Thierry Valéro

Personal information
- Born: 10 June 1966 (age 59) France

Playing information
- Position: Hooker, Loose forward
Club
| Years | Team | Pld | T | G | FG | P |
| 19??-88 | Lézignan |  |  |  |  |  |
| 1988-?? | Pamiers |  |  |  |  |  |
| 19??-?? | Lézignan |  |  |  |  |  |
|  | Total | 0 | 0 | 0 | 0 | 0 |
Representative
| Years | Team | Pld | T | G | FG | P |
| 1988 | Rest of the World | 1 | 0 | 0 | 0 | 0 |
| 1989–95 | France | 24 | 0 | 0 | 0 | 0 |
- Source:

= Thierry Valéro =

France international rugby league footballer

Thierry Valéro is a French rugby league footballer who represented France national rugby league team at the 1995 World Cup.

==Playing career==
Valéro played for the Rest of the World in 1988 against Great Britain.

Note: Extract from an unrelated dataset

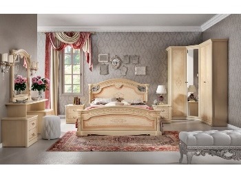 Спальня Эльба светлая выполнена в классическом стиле, имеет широкий модульный ряд. Особенности: -Топ на комодах и тумбах МДФ с фигурной фрезеровкой -Карнизы, пилястры, фигурные цоколи, декоративные профили на шкафной группе, комодах и тумбах с патинированием -Ручки металлические, покрытие «античная бронза» -Изголовье кровати украшено богатым багетом (ППУ) с декоративными вставками из металла, цвет «античная бронза» -Шкафная группа в спальне стандартная, есть прямые, угловые шкафы с зеркалом и без. В каждом отделении 2 полки и штанга, 3 полки – дополнительная опция -Кровати дополнительно комплектуются ящиками для белья Указана цена за стандартный набор: кровать двуспальная + шкаф трехдверный (2+1).

He made his debut for France in 1989 and played against the Australia touring team during the 1990 Kangaroo tour of Great Britain and France. He went on to play in twenty four test matches for France, with his last match being at the 1995 World Cup.

In the 1998–99 season, Valéro captained FC Lézignan in their loss to US Villeneuve in the final of the Lord Derby Cup.